● What you have to do:
Nothing but the lines below from the one holding "Happy cute little" up to and including the one holding "Banyak pihak yang" should be copied, exactly and without pictures.

Top of Extracted material

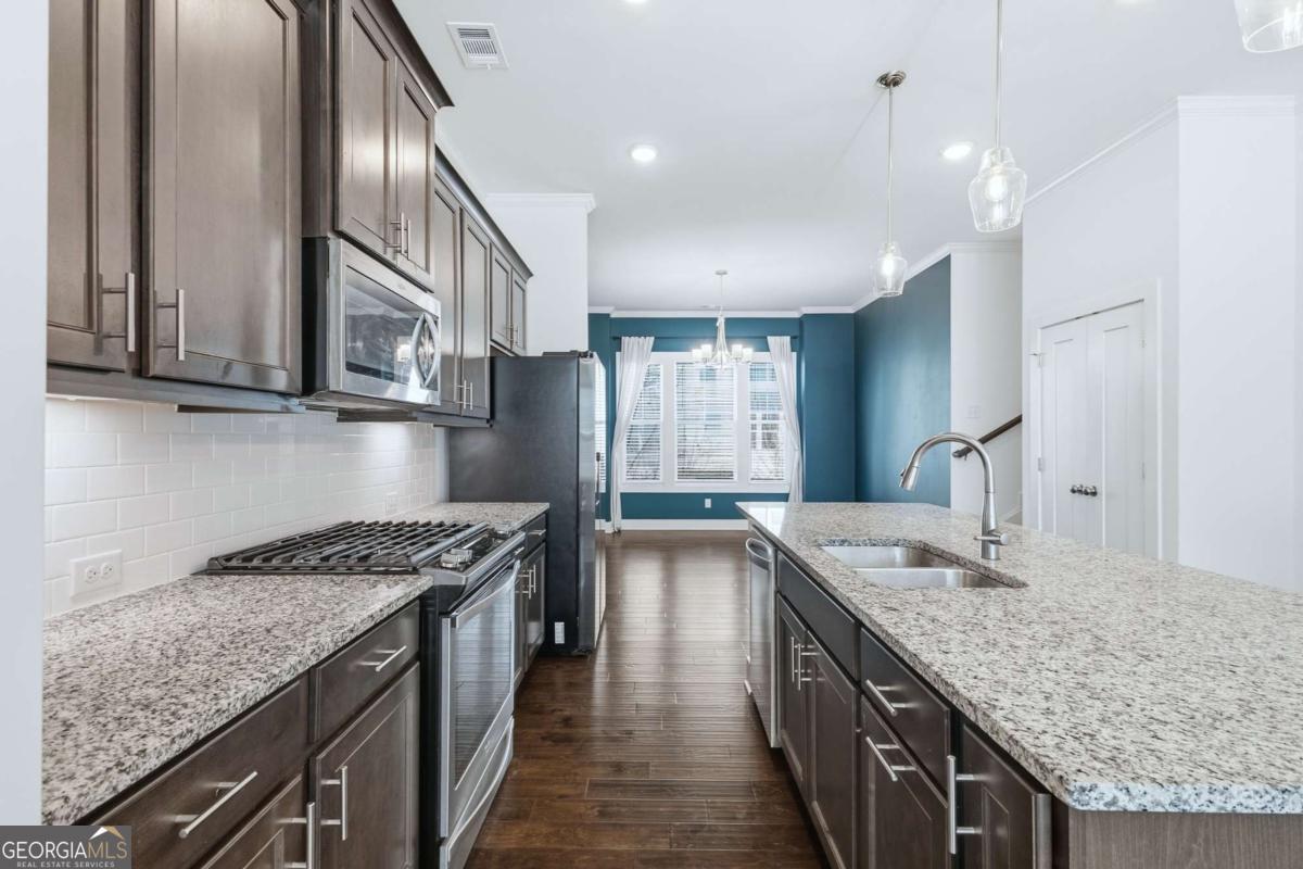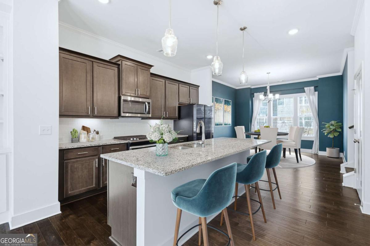 Enjoy modern luxury living in Atlanta's vibrant Upper Westside within the highly sought-after community of The Park at Vinings on the Chattahoochee. This exquisite 3-bedroom 3.5 bath townhome has been thoughtfully designed to deliver the perfect blend of comfort, style, and convenience. As you enter, soaring 10-foot ceilings and rich hardwood floors throughout the lower and main levels create an immediate sense of spaciousness and sophistication. Natural light fills the open-concept living spaces. The gourmet kitchen features stainless steel appliances, granite countertops, and an expansive island ideal for meal preparation, entertaining, and casual dining. The kitchen flows seamlessly into the inviting living area, where a cozy fireplace provides the perfect backdrop for relaxing evenings at home. Built in cabinets flank the fireplace and the dining area is open to the kitchen making the main level perfect for entertaining. Each of the three generously sized bedrooms is designed with privacy in mind. The lower-level ensuite bedroom is ideal for guests or a home office. Upstairs, the secondary bedroom features its own private bath for added comfort and convenience. The spacious primary suite serves as a luxurious retreat with a large walk in closet. Additional features that make this townhome special include painted accent walls and overhead storage in the garage. All appliances including washer and dryer will convey with the property. The amenities, including a pool, tennis courts, a playground, and a dog park, make this a desirable community. The community is in close proximity to walking trails along the Chattahoochee River, picturesque Whittier Mill Park , Westside Park which will connect to the Atlanta Beltline's Westside Trail northern extension (completion is expected in 2027/2028) & walking distance to local, cute coffee shop Bellwood Coffee, a neighborhood hangout spot! Located conveniently near I-285/75 & minutes away from Westside Village, The Battery, Truist Park, Midtown, Buckhead, and Vinings. The location provides endless dining and shopping at your fingertips. Embracing the low maintenance living of this townhome community in a desirable location means fully enjoying a lifestyle of comfort, convenience, and endless exploration opportunities.
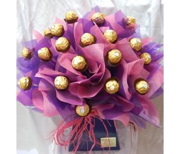 This Ferrero Rocher Bouquet is pure luxury. Available in three size the Ferrero Rocher are arranged into a bouquet that would be a perfect Birthday gift orAnniversary present. Our Ferrero Rocher bouquets are a very popular Get Well gift idea. Designed and created here at Petals Of Madinah The Flower and  Gift Store, our Ferrero Rocher bouquet can include your own personal message.
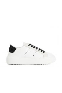 Damen-sneaker aus kunstleder. farbiger kragen und farbige schnürsenkel.
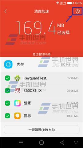 1)首先打開酷管家點擊【清理加速】,然後在點擊右上角【齒輪圖標】;(如下圖)
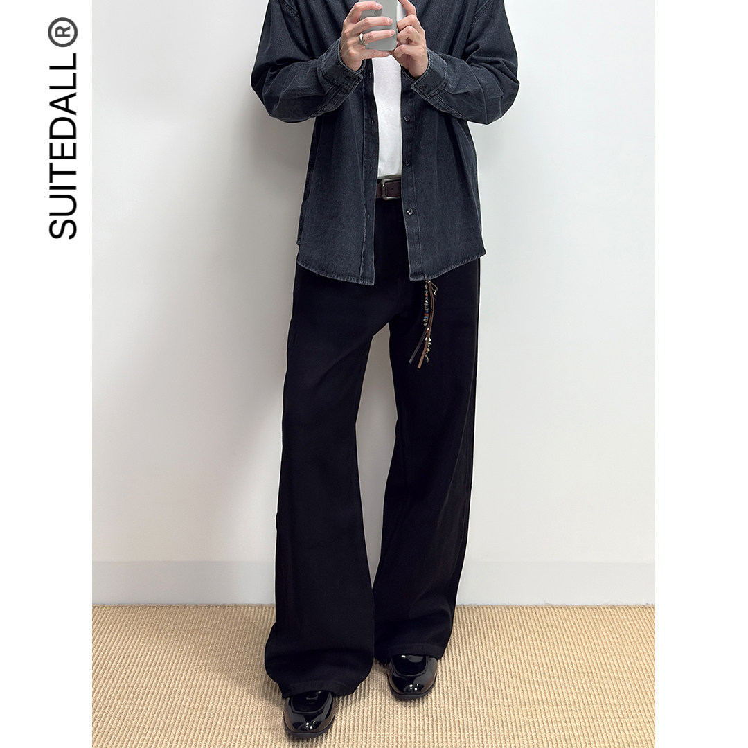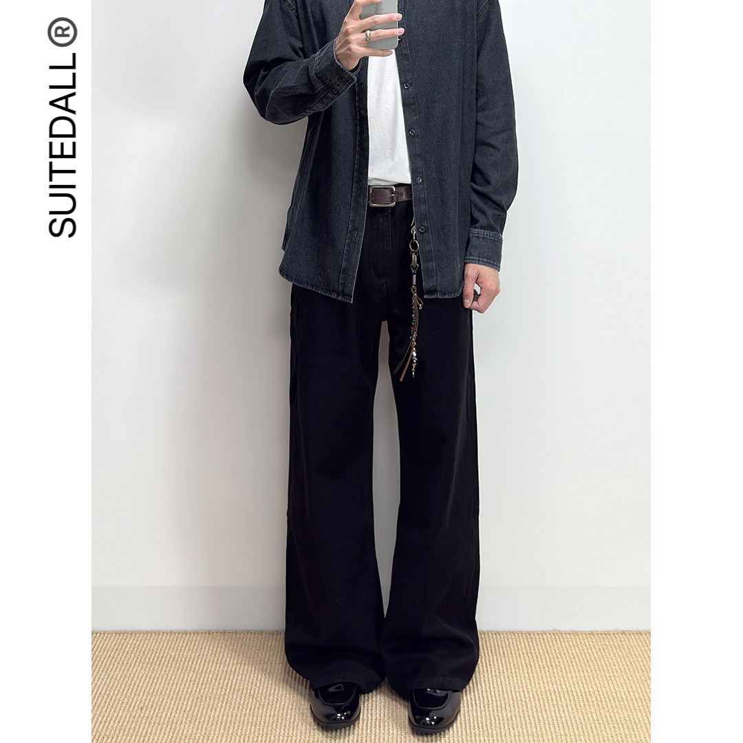 黑牛宽松直筒微喇叭简约百搭显瘦水洗牛仔裤 净版 2021M SUITEDALL
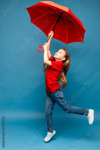 Happy cute little blonde hair child girl in red t-shirt holds in her hands red umbrella on a blue background in studio. childhood, autumn, spring concept, space for text
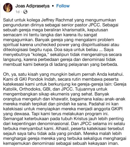 Banyak pihak yang kagum atas keputusan yang diambil oleh Pastor Jeffrey Rachmat, salah satunya dari unggahan Facebook akun Joas Adiprasetya.
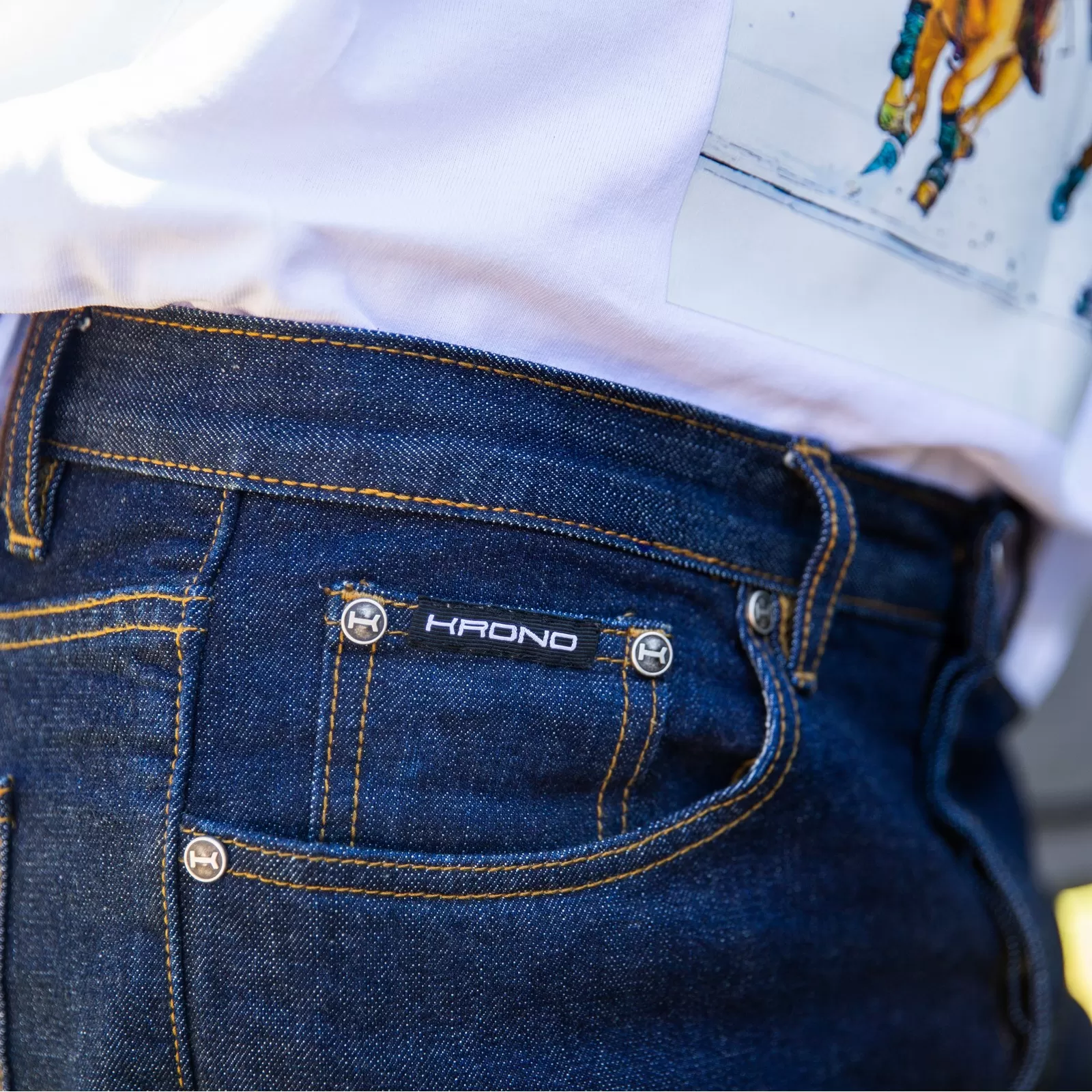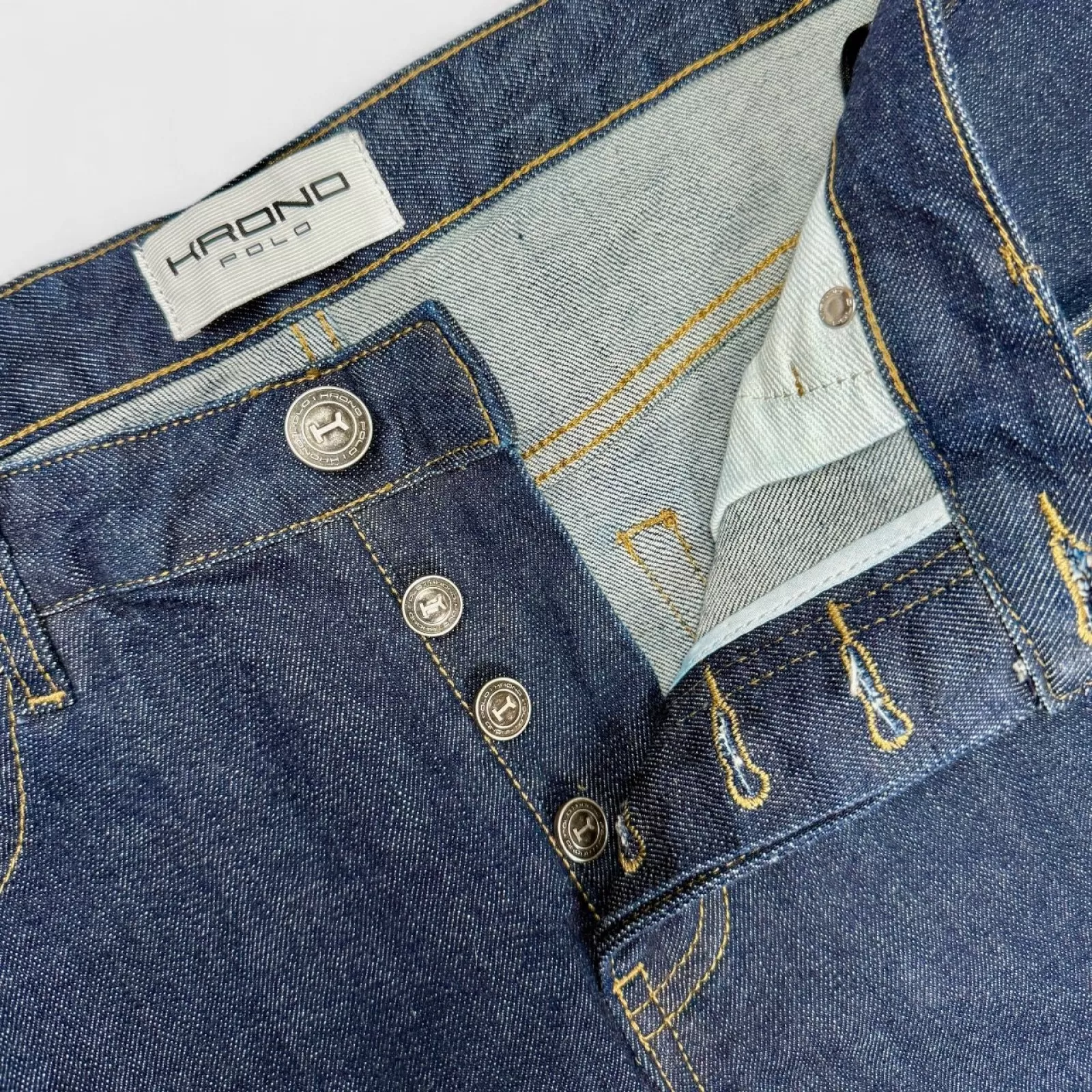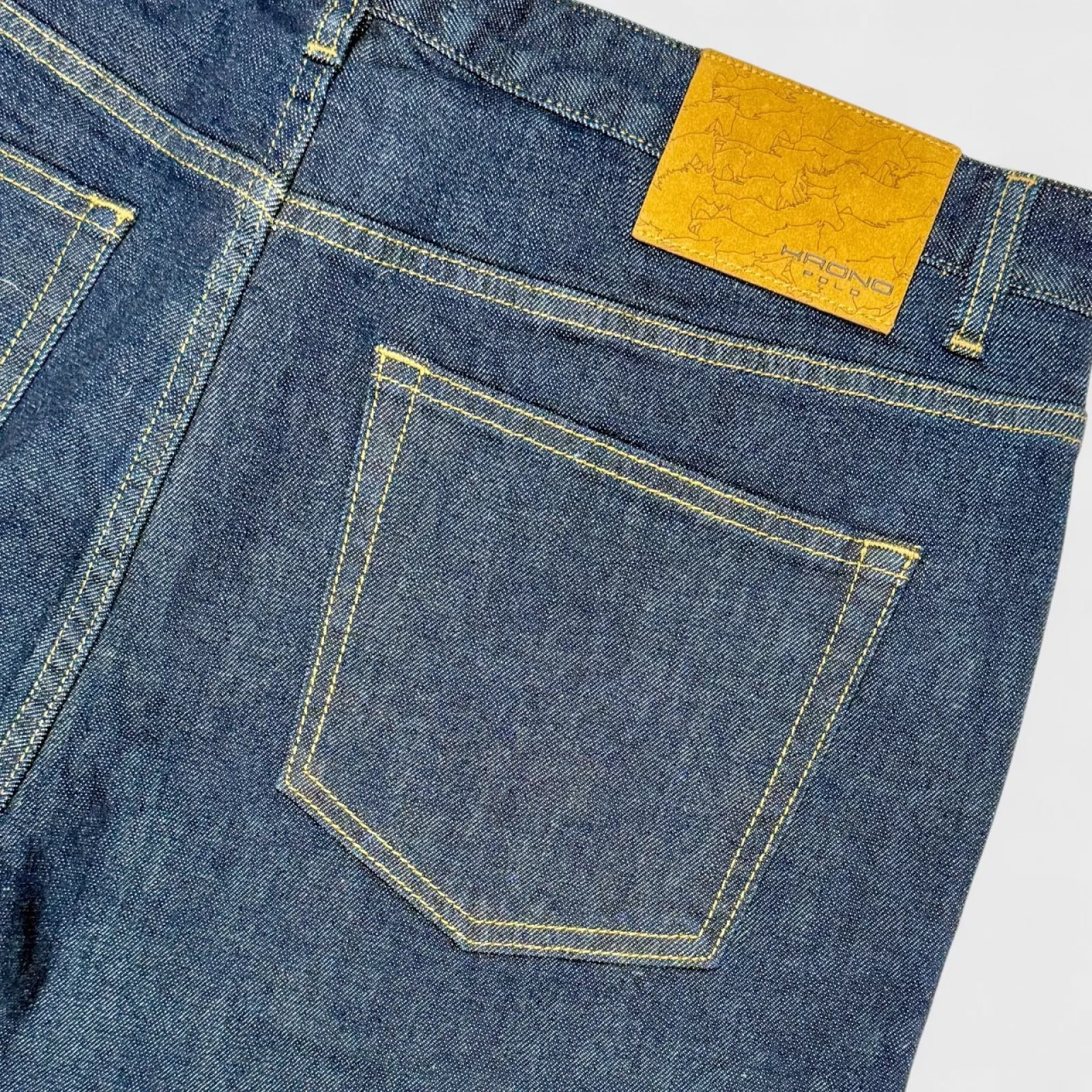 The premium Japanese selvedge ensures exceptional quality and authentic craftsmanship, while Italian-made buttons and exclusive accessories add a refined touch. At the back, our signature horses camouflage leather patch completes the design with a distinctive Krono Polo accent.

Bottom of Extracted material

● Answer for this exercise:
 Happy cute little blonde hair child girl in red t-shirt holds in her hands red umbrella on a blue background in studio. childhood, autumn, spring concept, space for text
 Banyak pihak yang kagum atas keputusan yang diambil oleh Pastor Jeffrey Rachmat, salah satunya dari unggahan Facebook akun Joas Adiprasetya.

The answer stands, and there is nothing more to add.